When the invocations were over, the Countess walked the length of the room to stand behind Achor Bale’s empty chair. She kissed her fingers and laid them tenderly on the hilt of his sword. ‘You all realize, of course, that Rocha’s death occurred as a direct result of investigations he was undertaking on behalf of the Society?’
There was a generalized intake of breath.
‘It was at my instigation that he followed the man Sabir. It was at my instigation that he intervened following Sabir’s discovery of the lost verses of Nostradamus. He died fulfilling his duties to the Corpus.’
Abiger glanced across at his brother. He was scarcely able to keep the grin off his face. He knew what was coming.
‘A spy in the apostate Nostradamus’s household – a spy in the pay of one of the noblest of your ancestors, Forcas de Bale – alerted his master to the verses’ potential contents. The Count was already on his way down to Agen when news reached him of Michel de Nostredame’s death. When he arrived, the verses had already been dispersed and the seer buried. It took ne
arly 450 years for the verses to reappear. We in the Corpus have long memories. An oath is an oath for us. Once bound, always bound.’
‘Once bound, always bound.’ The children whispered in echo of her words.

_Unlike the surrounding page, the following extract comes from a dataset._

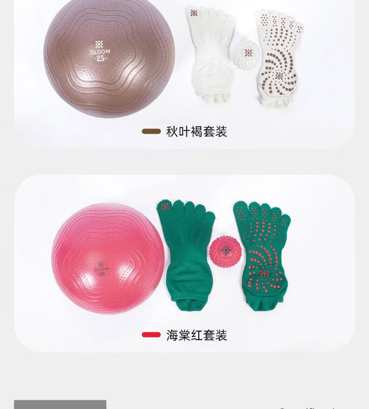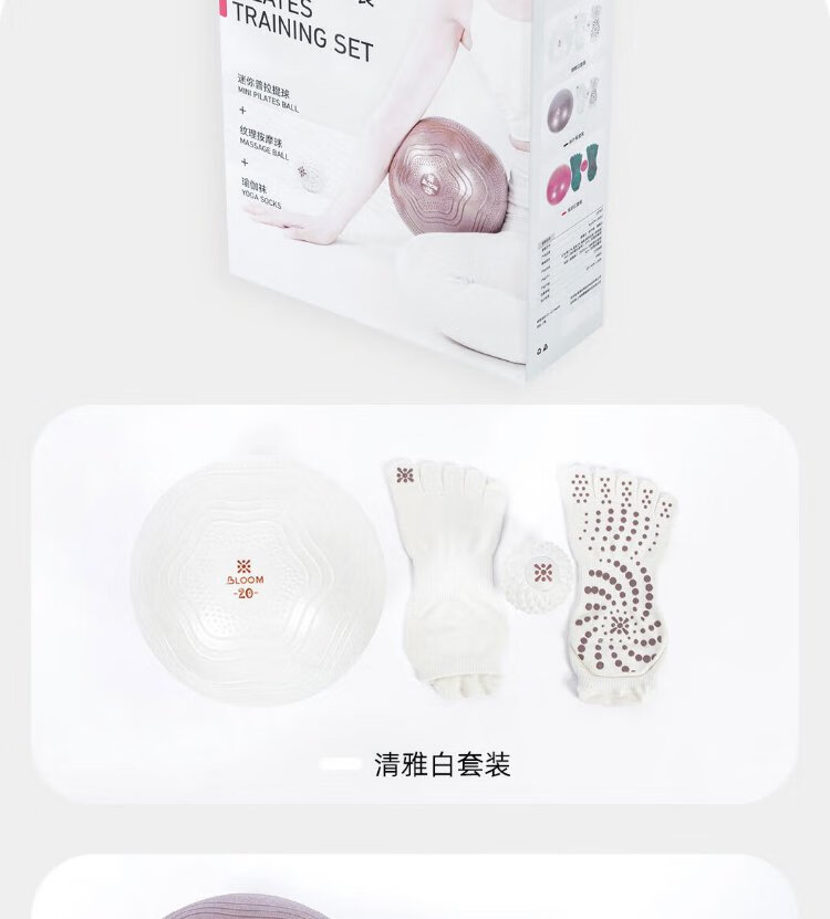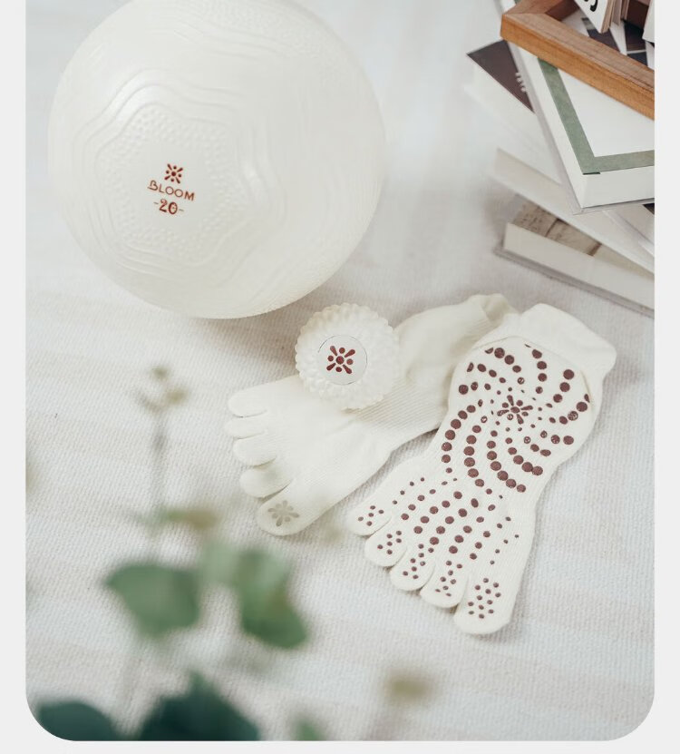 Permu BLOOM Pilates training set yoga ball fascia ball indoor silicone pattern non-slip yoga socks indoor unlimited white + elegant white 20cm

‘Abiger…’ The Countess turned towards her eldest son. ‘The time has come for you and your brother to travel to America. You will identify the man Sabir. First, you will extract the secrets of the prophecies from him in whatever manner you may deem appropriate. Then you will take revenge for the murder of your brother. Is that clear?’
‘Perfectly, Madame.’
The Countess turned towards her eldest daughter. ‘Lamia, you did not make the reverse cross. Kindly make it now.’
Lamia’s hand crept towards her throat. The rufous complexion marring one side of her face turned, if anything, a deeper red.
‘I am waiting.’
‘I cannot do it, Madame.’ Lamia shook her head.
Her brothers and sisters stared at her like dingoes alerted to a kill.
‘Abiger. Escort your elder sister to her room. She will remain there until she is able to offer a suitable explanation for her behaviour. Apprise Milouins of the situation. The rest of you may take the blood oath. You will be told when you are needed.’
Oni de Bale glanced down at his mother from his great height. ‘Do we others continue with our work, Madame?’
The Countess turned away, motioning to Madame Mastigou, who was cleaning a small ivory receptacle. Then she turned towards her dwarfish daughter, Athame, a sufferer from Ellis-van Creveld Syndrome. A polydactyl, Athame was unconscionably dexterous with all of her twelve fingers. ‘Athame. Live up to your name. You may do the necessary cuts for the blood oath.’
‘Yes, Madame.’
‘Mother?’
‘I heard you, Oni.’ The Countess turned and laid a light hand on her youngest son’s forearm. She glanced up into his eyes, her neck forced back against the collar of her elegantly tailored 1950s Dior suit the better to take in his span. ‘Always continue with your work. That is the way to please me. Stir, stir, stir. Keep the broth moving. Never let the commoners rest at ease. The Devil is a hungry angel – he will come calling if we don’t forestall him. That is your primary job.’